Ainda tem aqueles que soltam “cordões cheirosos”, levam caroços de milho ou feijão para atirar na cabeça dos outros com uma borrachinha de amarrar dinheiro, e outras perturbações mis. Eu já dei boas risadas dentro de cinemas. Já namorei muito, já perturbei muito, me diverti muito. Ah! Ia me esquecendo. Ainda tem o filme, né?
Mas um episódio ocorrido numa matinê de segunda-feira no cine Santanópolis, nunca me saiu da memória. Foi o seguinte: Era praxe nós, homens, levarmos um lenço no bolso, porque ele tem mil utilidades. Uma delas, era justamente conter o jato de esperma, quando a namorada estava nos masturbando.

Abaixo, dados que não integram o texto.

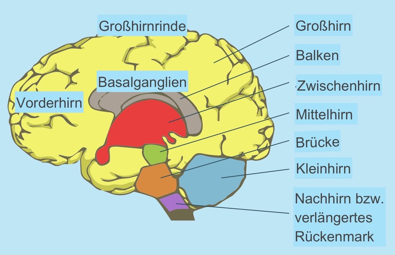Bei den Basalganglien handelt es sich um eine graufarbene Hirnkerngruppe. Von dort wird zunächst einmal der Muskeltonus, also die Grundspannung unserer Skelettmuskeln, reguliert.
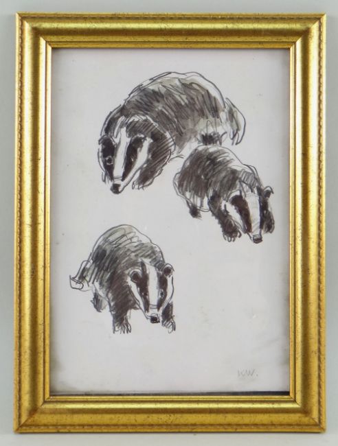 SIR KYFFIN WILLIAMS RA three signed prints - (1) ponies grazing, (2) three stalking badgers and (3) alert sheep dog, all signed with initials, all 20 x 14cms (3)
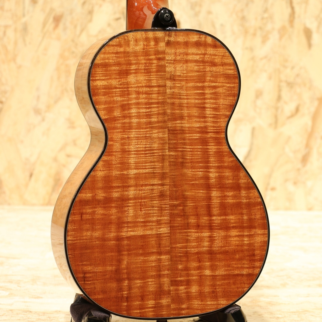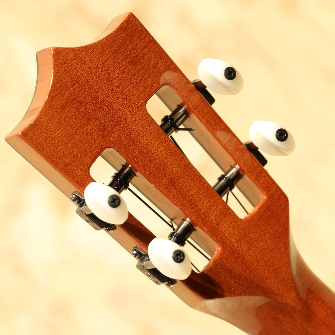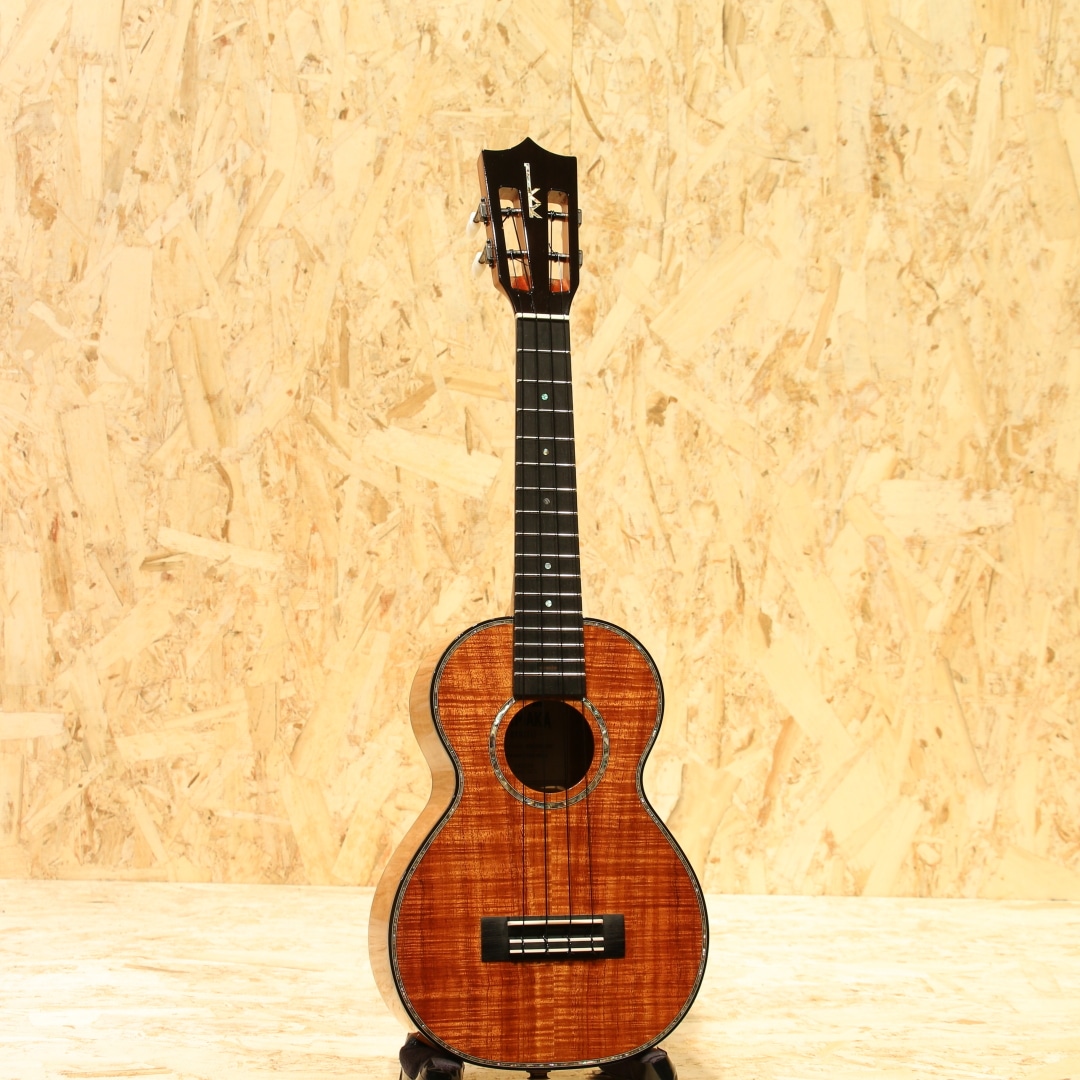 1916年よりの創業以来、ハワイアンウクレレブランドのトップを走り続けるカマカ。ジェイクシマブクロ氏を始め、数えきれないほどのプロアマミュージシャンが愛用する信頼度の高い老舗ブランドです。本器はカマカウクレレのラインナップの中でも最上級とも言えるスロテッドヘッド仕様のデラックスコンサートモデル"HF2 D2I"。2020年製USED品。杢目の美しいフィギャードハワイアンコアをボディ材に使用。マホガニーネック、エボニー指板&ブリッジ、ウッドバインディング、ヘッドトップにはアバロンシェルのKKマーク、ペグボタンのみホワイトカラーに変更された小型で軽量なゴトー製ステルスペグ搭載、ボディートップに採用された色目の濃い上品なアバロンパーフリング&ロゼッタ装飾が非常に美しくこの上無い程の高級感を味わうことができます。コンサートサイズで扱い易く、カマカらしい太く甘いトーン。スロテッドヘッドの効果もありしっかりとしたテンション感にサイズを超えたやや広めのレンジ感、輪郭の明瞭さが際立ったサウンドです。優しく爪弾く演奏から激しいストラミングプレイまで幅広いプレイスタイルにしっかりと対応。ピックアップには後付けにて定評のあるアンダーサドルピエゾシステム、L.R.Baggs Five.Oが搭載。ボタン電池駆動のアクティブ仕様、パワーがありながらウクレレらしい柔らかく暖かみのあるトーンをナチュラルにアウトプットします。コントローラーはサウンドホール縁に取り付けられた1vol.のみと大変シンプルな操作性で芯のあるラインサウンドをアウトプットし、演奏の幅を広げます。ヘッドに僅かな打痕があるのが惜しいですが、その他は光にかざせば視認できる程度の表面上の拭きキズが見られる程度と大変綺麗な状態が保たれています。ネック周りやプレイコンディションも良好、オールジャンルで扱える演奏性抜群な1本です。本場ハワイ老舗ブランドの上位機種、是非ご体感下さい。オリジナルハードケースが付属します。
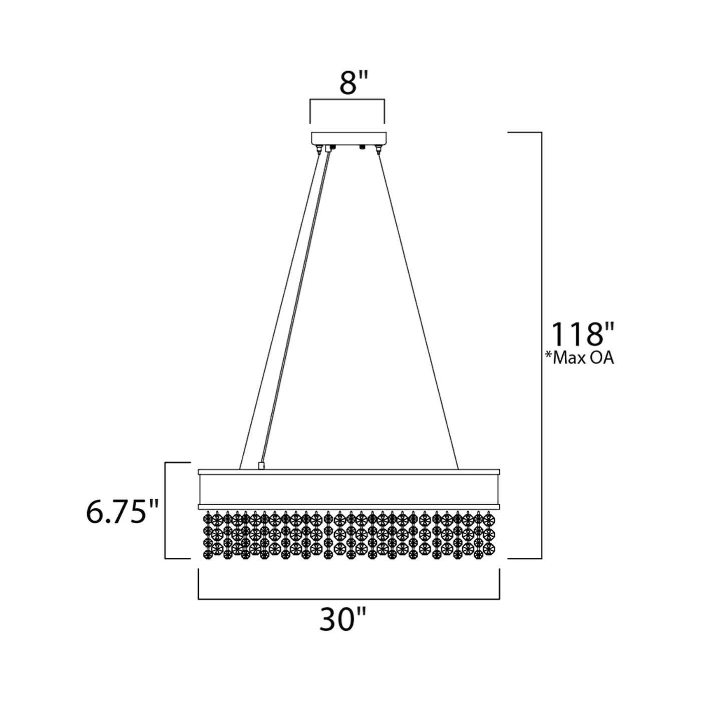 - 22-Light: 30"D X 6.75"H; 118" max height
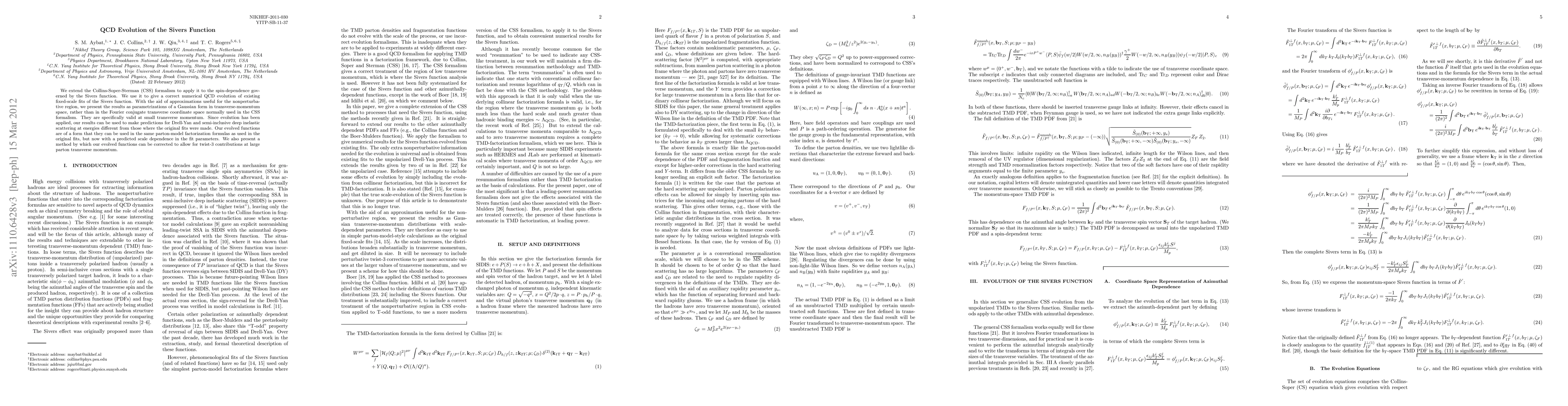 We extend the Collins-Soper-Sterman (CSS) formalism to apply it to the spin-dependence governed by the Sivers function. We use it to give a correct numerical QCD evolution of existing fixed-scale fits of the Sivers function. With the aid of approximations useful for the non-perturbative region, we present the results as parametrizations of a Gaussian form in transverse momentum space, rather than in the Fourier conjugate transverse coordinate space normally used in the CSS formalism. They are specifically valid at small transverse momentum. Since evolution has been applied, our results can be used to make predictions for Drell-Yan and semi-inclusive deep inelastic scattering at energies different from those where the original fits were made. Our evolved functions are of a form that they can be used in the same parton model factorization formulas as used in the original fits, but now with a predicted scale dependence in the fit parameters. We also present a method by which our evolved functions can be corrected to allow for twist-3 contributions at large parton transverse momentum.

Alguém, que eu acredito tenha sido desatento, que não tivesse lenço, ou sofresse de ejaculação precoce, sei lá, foi o pivô da história. O certo é que, de repente, ouviu-se um grito no meio da sessão, que fez acender todas a luzes (cruzes!): “Que merda! Quem é que tá batendo punhêta aqui”?
Quem falava era um sujeito que tinha na parte posterior da cabeça e na palma de uma das mãos, uma coisa pegajosa.